Peak performance: How retailers used Google Cloud during Black Friday/Cyber MondayPeak performance: How retailers used Google Cloud during Black Friday/Cyber MondaySr. Director, Cloud Support

At Google Cloud, we work with businesses in a range of industries, and we’ve seen nearly every business experience peak events when their online traffic skyrockets. For retailers, their peak events are Black Friday and Cyber Monday (or BFCM)—the period right after Thanksgiving in the U.S., when holiday shopping starts. The weekend kicks off the all-important holiday shopping season of November and December, when an estimated 20% of all annual retail sales occur.

During an average day, online retail sales in the U.S. total about $1.4 billion, CNET reports. In contrast, on Black Friday 2018, U.S. online sales totaled $6.22 billion (up 24% from 2017). Cyber Monday 2018 sales surged to $7.9 billion (up 19% from 2017)—the biggest online sales day ever in the U.S., according to Adobe Analytics.  

Traffic to retailers’ mobile and shopping apps surges to levels unmatched during the rest of the year, and availability or scalability issues can result in millions of dollars of lost sales. Every year, there are well-publicized retail website crashes, so avoiding downtime—along with the accompanying reputation damage, unhappy customers and stressed, overworked IT teams—is particularly important for retailers.

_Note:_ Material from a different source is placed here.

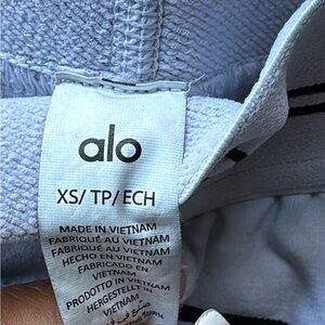 Stylish ALO Yoga leggings for kids. White with black piping. Ideal for active wear.
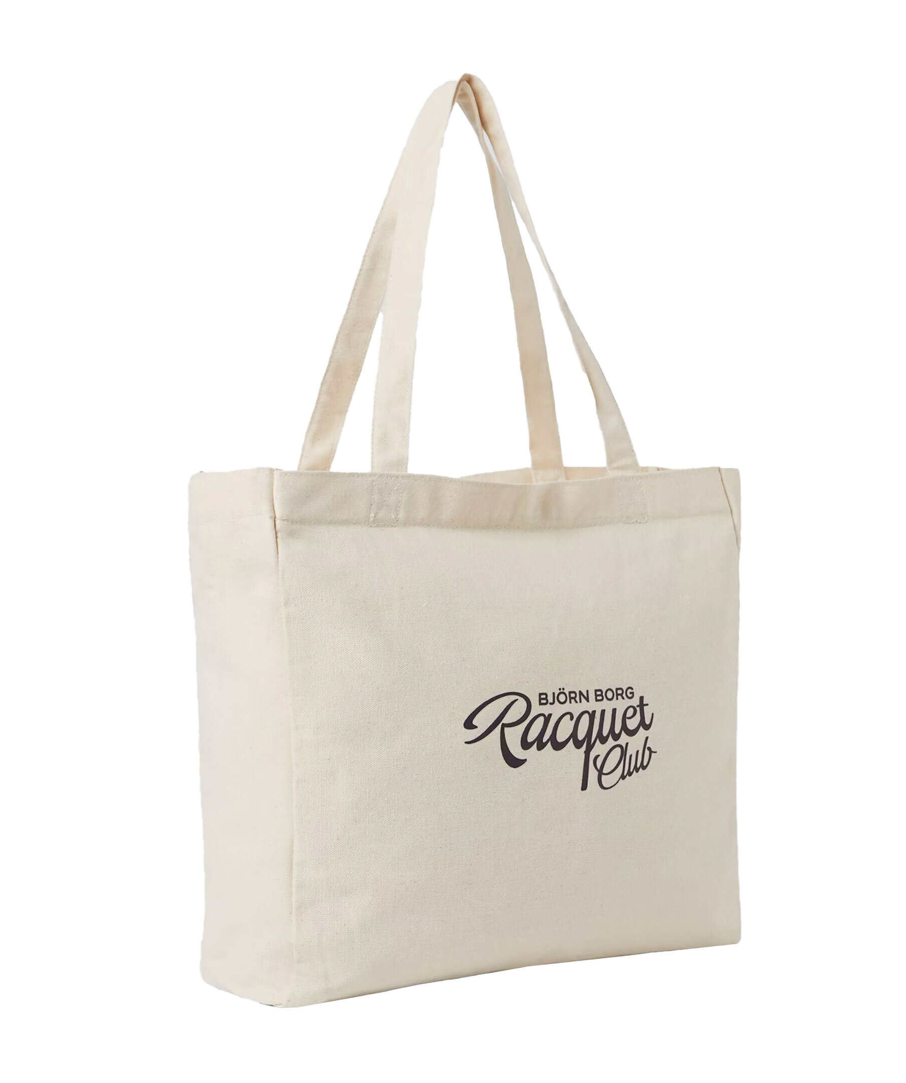 Beige tygväska från Björn Borg. Väskan stängs med dragkedja och har två långa handremmar för enkel bärning, en invändig hängande ficka med dragkedja för dina värdesaker och Racquet Club-logotypen på sidan. Rymmer 15 liter. Tillverkad i slitstarkt 100 % bomullskanvasmaterial.

We know that a solid technology infrastructure is the foundation for retailers to stay ahead of demand and succeed during this busy season. Beyond that, though, support for that infrastructure is essential. Support isn’t just activated if something goes wrong. Support for an event like Black Friday and Cyber Monday involves preparation well ahead of time, and includes testing, architecture reviews, capacity planning, operational drills, and war rooms during the event itself. We took a prescriptive approach to BFCM support, setting expectations and ownership early (more than six months ahead), to understand what each retail customer needed, both on their side and from our team.  

We’ll go through the steps that helped our retail customers have a fruitful and disaster-free season. These steps can generally help you prepare for your own peak event. We’ll also describe how one large-scale retail platform in particular—Shopify—had a successful BFCM using Google Cloud.  

Preparing to support retailers on Black Friday/Cyber Monday

We started planning for Black Friday and Cyber Monday for our retail customers in the spring of 2018 to align with their typical preparation timeline. We formed a task force composed of representatives from Google Cloud’s Professional Services, Customer Engineering, Support, Customer Reliability Engineering (CRE), and Product and Engineering teams. We met regularly to strategize, develop tactics, and execute on those tactics with the goal of making sure Google team members and our GCP retail customers were well-prepared.

We focused on a few key technology areas where planning could help prevent any issues.

1. Early capacity planning

As early as May 2018, our account teams began reaching out to GCP retail customers. We discussed high-level planning, such as their particular holiday shopping objectives and the infrastructure capacity they might need to meet those goals.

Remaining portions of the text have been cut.